“Yes?” I don’t say more.
“You seemed to have the same opinions I had about finding someone who can be a friend.”
I just don’t know if it can be you.I nod instead.
He takes a deep breath. “So, let’s give it a try.”
I open my mouth and then snap it shut.You can do this. Even if this is the worst form of torture there is, you can do it.“Joe, if people see us together for the first time at night, there’s no way they’re not going to make a leap that we’re not dating,” I declare boldly.
His face takes on a look of consternation. “I didn’t think of that. I’m so out of practice with this shit,” he mutters.
“Look, come by the mansion. Drop off the blanket, take a look at the photos, and grab a meal with us,” I offer.
He appears intrigued. “Go on.”
“Then we’ll go out to lunch another day. You know, ease our way into it.”
“That seems a lot smarter,” he agrees.
And safer for my sanity. I just shrug in response.
Two dimples he probably reserves for his daughter light his face. “Sounds like a plan, Ms. Freeman.”
“That it does. I’ll see you sometime during the week, then.” I slide into the driver’s seat. Pushing the key into my ignition, I hear a tap against the window. Rolling it down, I turn my head slightly and meet Joe’s dark blue eyes head-on.

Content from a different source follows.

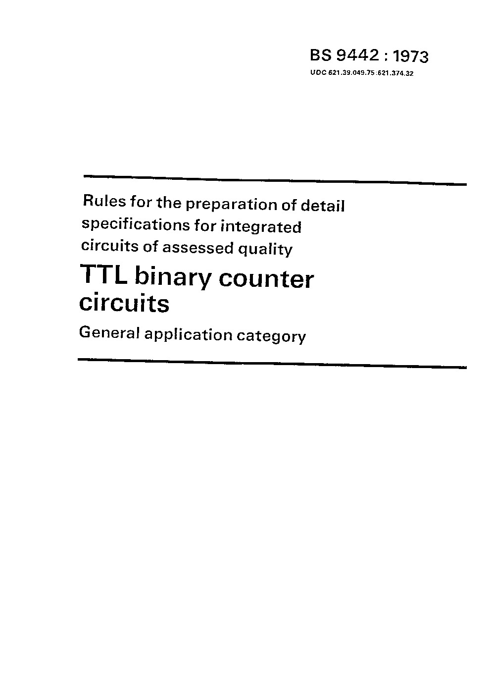 Rules for the preparation of detail specifications for integrated circuits of assessed quality: TTL binary counter circuits. General application category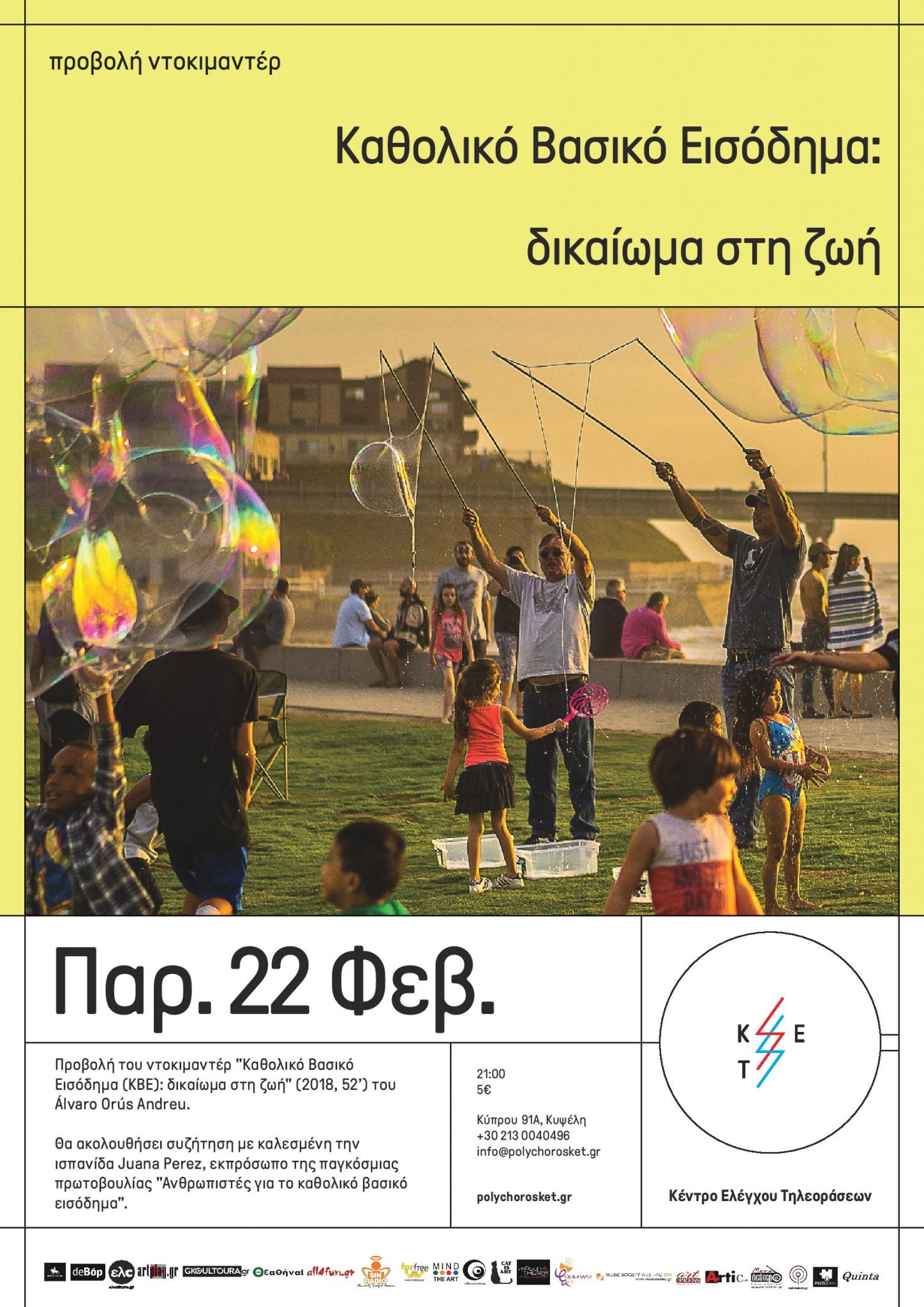 Το ντοκιμαντέρ “Καθολικό Βασικό Εισόδημα (ΚΒΕ): δικαίωμα στη ζωή” (2018, 52’), ασχολείται με το δικαίωμα όλων των ανθρώπων να μπορούν να διαβιώνουν, δικαίωμα που προκύπτει και μόνο από το γεγονός ότι έχουν γεννηθεί. Πρόκειται για μια ιδέα που έχει ήδη πίσω της ιστορία, αλλά και που έχει προωθηθεί με εξαιρετικούς ρυθμούς τα τελευταία χρόνια, κυρίως εξαιτίας του γεγονότος ότι η τεχνολογική πρόοδος απειλεί να αφήσει την πλειονότητα των ανθρώπων χωρίς εργασία και κατά συνέπεια χωρίς τη δυνατότητα να μπορούν να καλύπτουν τις βασικές τους ανάγκες. Το ντοκιμαντέρ περιλαμβάνει συνεντεύξεις από ακαδημαϊκούς, ακτιβιστές και ακτιβίστριες, που εξηγούν την εμπειρία τους, όπως αυτή προκύπτει από την απασχόλησή τους με το θέμα τα τελευταία τριάντα χρόνια ανά τον κόσμο.

“Drive safely, Holly,” he whispers. Rapping his knuckles against the roof of my car, he moves away so I can back out of my spot.
Rolling up the window, I back up and pull out. In the rearview, he’s standing where I left him, arms crossed in the white shirt, looking like temptation and heartbreak wrapped up in a single package.
“Shit. This is not going to go well,” I mutter as I turn onto the road to lead me back to the mansion.
And some order and sanity.
25
Joseph
“Is it unusual to just be friends with a woman?” I ask my father as he passes me the bowl of antipasto.
His eyebrows shoot straight to his forehead. He and my mother exchange glances. “I would like to think I’m a friend to everyone who works at the house, Joe,” he replies carefully. “Whether they’re a man or a woman.”
My mom stands up to usher Grace out of the room under the pretense of getting the pasta from the kitchen. “I don’t mean like that.” Stabbing my fork into a bite of cheese, I pop it into my mouth and chew thoughtfully. “I know you were aware of how much I resented working on the Victims Assistance Fund, Pop. It felt like I was constantly being reminded of Mary.”
“I know, son. But…” Before he can start to enumerate the many reasons he asked me to work on it, I interrupt him.
“But I think I understand now. There’s something about stepping outside your own pain to help others that furthers your own healing.”
My father blinks at me. “Honestly, that wasn’t what I intended at all, but if that’s been one of the outcomes, I couldn’t be more pleased.”
“I laughed so much recently,” I tell him just as my mother approaches the table with Grace. The bowl of spaghetti and meat sauce she’s holding clatters to the table.
“What?” she whispers, her voice filled with equal measures of hope and shock.
Reaching over, I pick up my little girl, who’s balancing a bowl of freshly grated parmesan in her hands. “And not because this one’s dancing around the living room to Elmo,” I tease.
“Elmo!” Grace shrieks. Just as her hands are about to fling the cheese everywhere, my mother rescues it.
I grin. “The red furry one appreciates your devout worship, baby.”